◆ **Exercise materials**

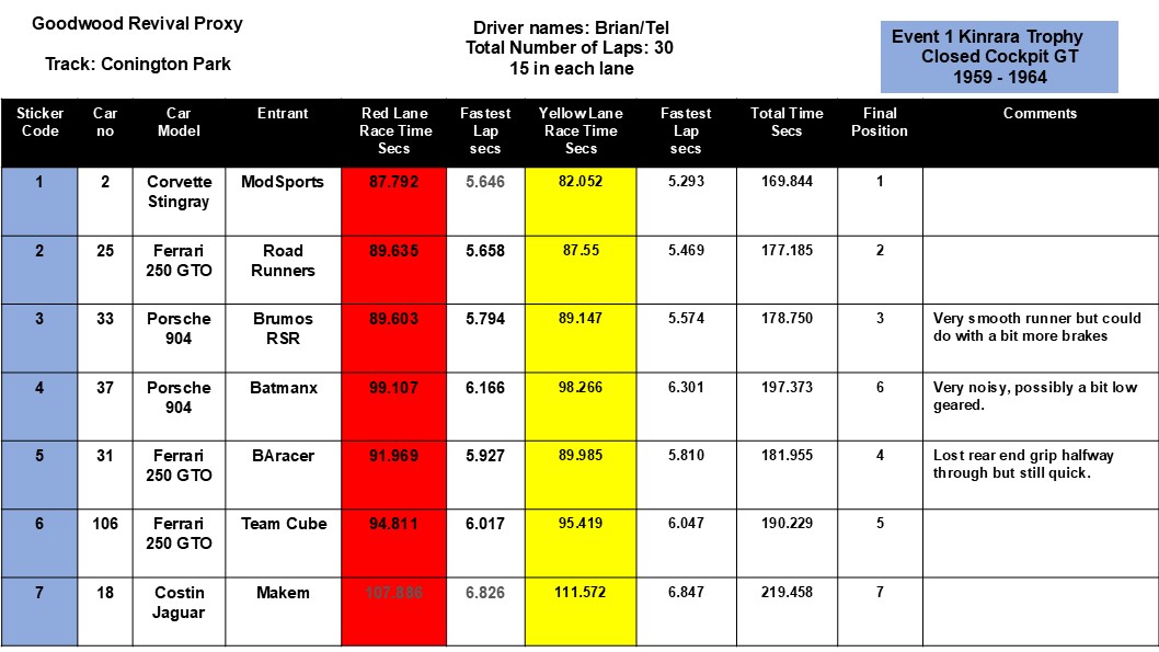For this round we ran each car on both lanes for 15 laps, I drove on red lane and Tel on yellow. The two times were then added together for the final score. There were no real problems with any of the cars, one stopped running after a couple of laps but that just needed the braids tweaking a bit and the heat restarted. There were a small number of minor off track excursions (5 in total) but none of them affected the overall results.
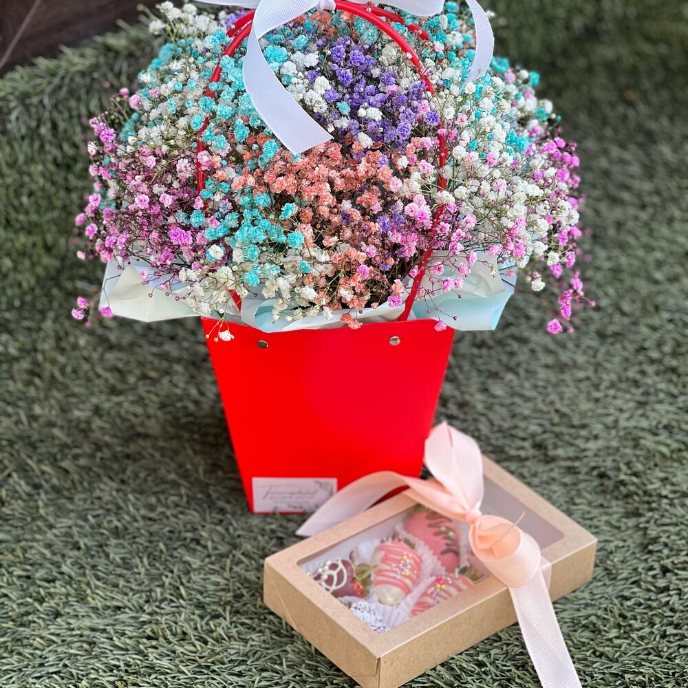 Яркая радужная композиция с гипсофилой совместно с вкуснейшей клубникой в бельгийском шоколаде станут отличным дуэтом в качестве подарка для ваших близких
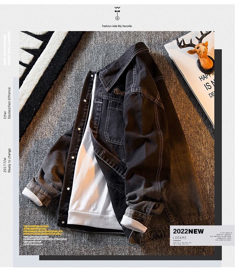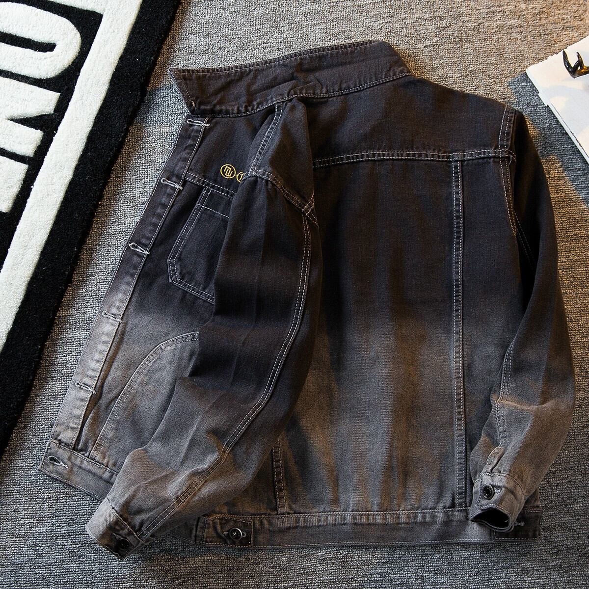 HPCP グラデーションカラー刺繍デニムジャケットメンズ春秋スタイルトレンドイントレンディなブランドワークジャケットデニムトップ レッド スプリング 春物 オータム 秋物 3381988842664565
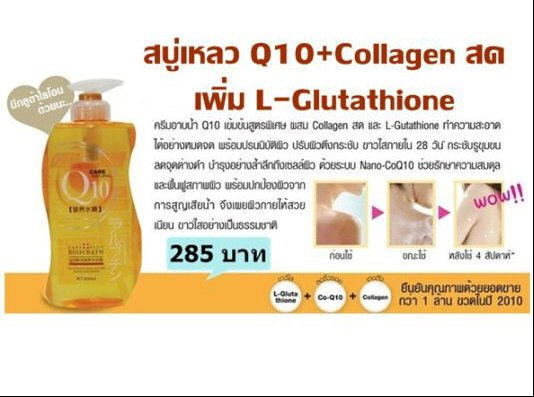 อาบ ผิวขาว ตึงกระชับ ผิวขาวใส ลดจุดด่างดำ ครีมอาบน้ำQ10 เข้มข้นสูตรพิเศษ ผสม collagen สด และ L- glutathione ทำความสะอาดได้อย่างหมดจด พร้อมปรนนิบัติผิว ปรับผิวตึงกระชับ ขาวใสภายใน 28 วัน
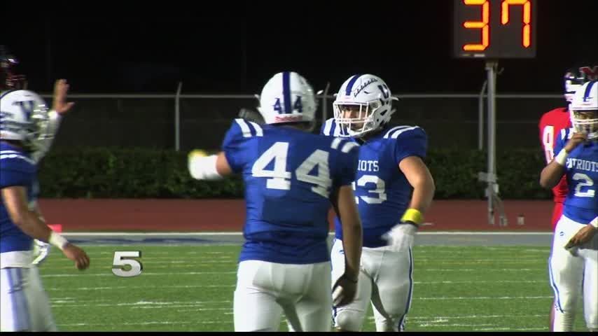 MISSION - The Valley's two Veterans Memorial high schools played a rescheduled game from Friday night at Tom Landry Stadium in Mission on Saturday. The Patriots from Mission throttled the Chargers from Brownsville to move to 2-and-0 in district play. Also on Saturday, Rio Grande City downed Lopez 26-21 and Palmview defeated Porter 35-27. CHANNEL 5's Ruben Juarez has the highlights.
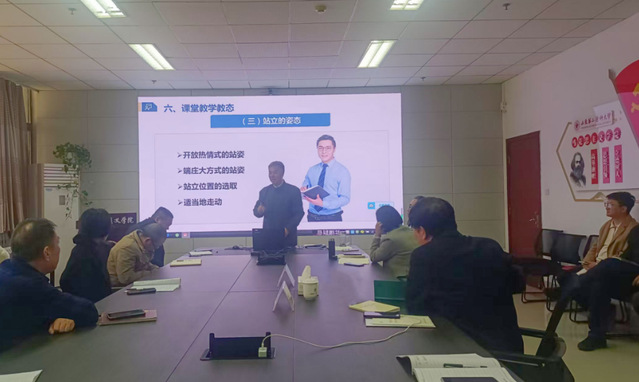 段文阁教授从“你所喜欢的一堂课、你所厌恶的一堂课、你印象最深的一堂课、你收获最大的一堂课”切入,引导教师思考思政课教学的优劣,从同行专家评价指标、教学对象评价指标、教学督导听课观测点三个角度,详细解读了课堂教学的评价指标。段教授结合大量生动案例,围绕备课、导入新课、板书、课堂教学PPT、课堂教学教态、课堂教学语言、课堂提问、突出重点与解决难点、课堂小结等九个领域,深刻剖析了课堂教学技术与要注意的问题。讲座结束后,教师们就日常教学中遇到的问题与段教授进行了互动交流。
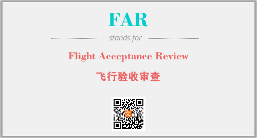 上述内容是“Flight Acceptance Review”作为“FAR”的缩写,解释为“飞行验收审查”时的信息,以及英文缩略词FAR所代表的英文单词,其对应的中文拼音、详细解释以及在英文中的流行度和相关分类、应用领域及应用示例等。
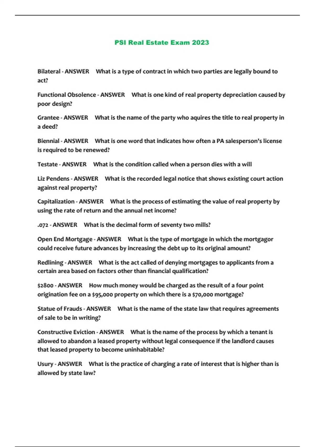 PSI Real Estate Exam 2023...
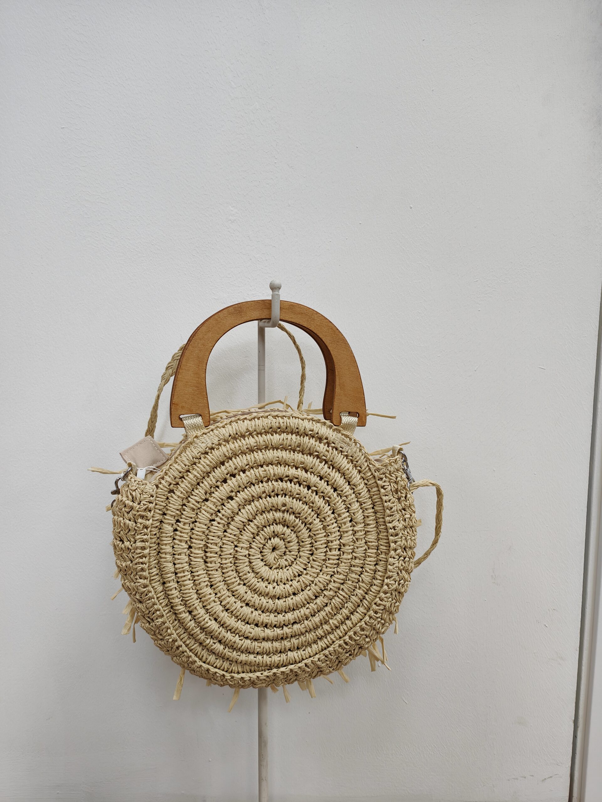 Bolso de Rafia, con las asas de madera y motivo de conchas en el centro del bolso. Es versátil, ya que puedes darle la vuelta y lo tienes más extremado , con las conchas o liso. Lleva cinta para colgar en bandolera.
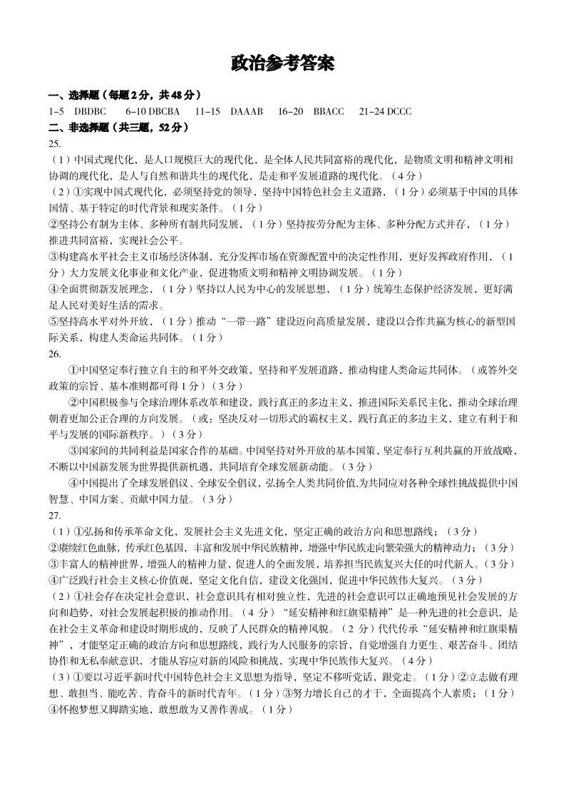高三政治答案--河南省开封市2023高三上学期一模考试

◆ **About this exercise**
Restate all entries exactly; pictures stay out.

◆ **Response box**
For this round we ran each car on both lanes for 15 laps, I drove on red lane and Tel on yellow. The two times were then added together for the final score. There were no real problems with any of the cars, one stopped running after a couple of laps but that just needed the braids tweaking a bit and the heat restarted. There were a small number of minor off track excursions (5 in total) but none of them affected the overall results.
 Яркая радужная композиция с гипсофилой совместно с вкуснейшей клубникой в бельгийском шоколаде станут отличным дуэтом в качестве подарка для ваших близких
 HPCP グラデーションカラー刺繍デニムジャケットメンズ春秋スタイルトレンドイントレンディなブランドワークジャケットデニムトップ レッド スプリング 春物 オータム 秋物 3381988842664565
 อาบ ผิวขาว ตึงกระชับ ผิวขาวใส ลดจุดด่างดำ ครีมอาบน้ำQ10 เข้มข้นสูตรพิเศษ ผสม collagen สด และ L- glutathione ทำความสะอาดได้อย่างหมดจด พร้อมปรนนิบัติผิว ปรับผิวตึงกระชับ ขาวใสภายใน 28 วัน
 MISSION - The Valley's two Veterans Memorial high schools played a rescheduled game from Friday night at Tom Landry Stadium in Mission on Saturday. The Patriots from Mission throttled the Chargers from Brownsville to move to 2-and-0 in district play. Also on Saturday, Rio Grande City downed Lopez 26-21 and Palmview defeated Porter 35-27. CHANNEL 5's Ruben Juarez has the highlights.
 段文阁教授从“你所喜欢的一堂课、你所厌恶的一堂课、你印象最深的一堂课、你收获最大的一堂课”切入,引导教师思考思政课教学的优劣,从同行专家评价指标、教学对象评价指标、教学督导听课观测点三个角度,详细解读了课堂教学的评价指标。段教授结合大量生动案例,围绕备课、导入新课、板书、课堂教学PPT、课堂教学教态、课堂教学语言、课堂提问、突出重点与解决难点、课堂小结等九个领域,深刻剖析了课堂教学技术与要注意的问题。讲座结束后,教师们就日常教学中遇到的问题与段教授进行了互动交流。
 上述内容是“Flight Acceptance Review”作为“FAR”的缩写,解释为“飞行验收审查”时的信息,以及英文缩略词FAR所代表的英文单词,其对应的中文拼音、详细解释以及在英文中的流行度和相关分类、应用领域及应用示例等。
 PSI Real Estate Exam 2023...
 Bolso de Rafia, con las asas de madera y motivo de conchas en el centro del bolso. Es versátil, ya que puedes darle la vuelta y lo tienes más extremado , con las conchas o liso. Lleva cinta para colgar en bandolera.
高三政治答案--河南省开封市2023高三上学期一模考试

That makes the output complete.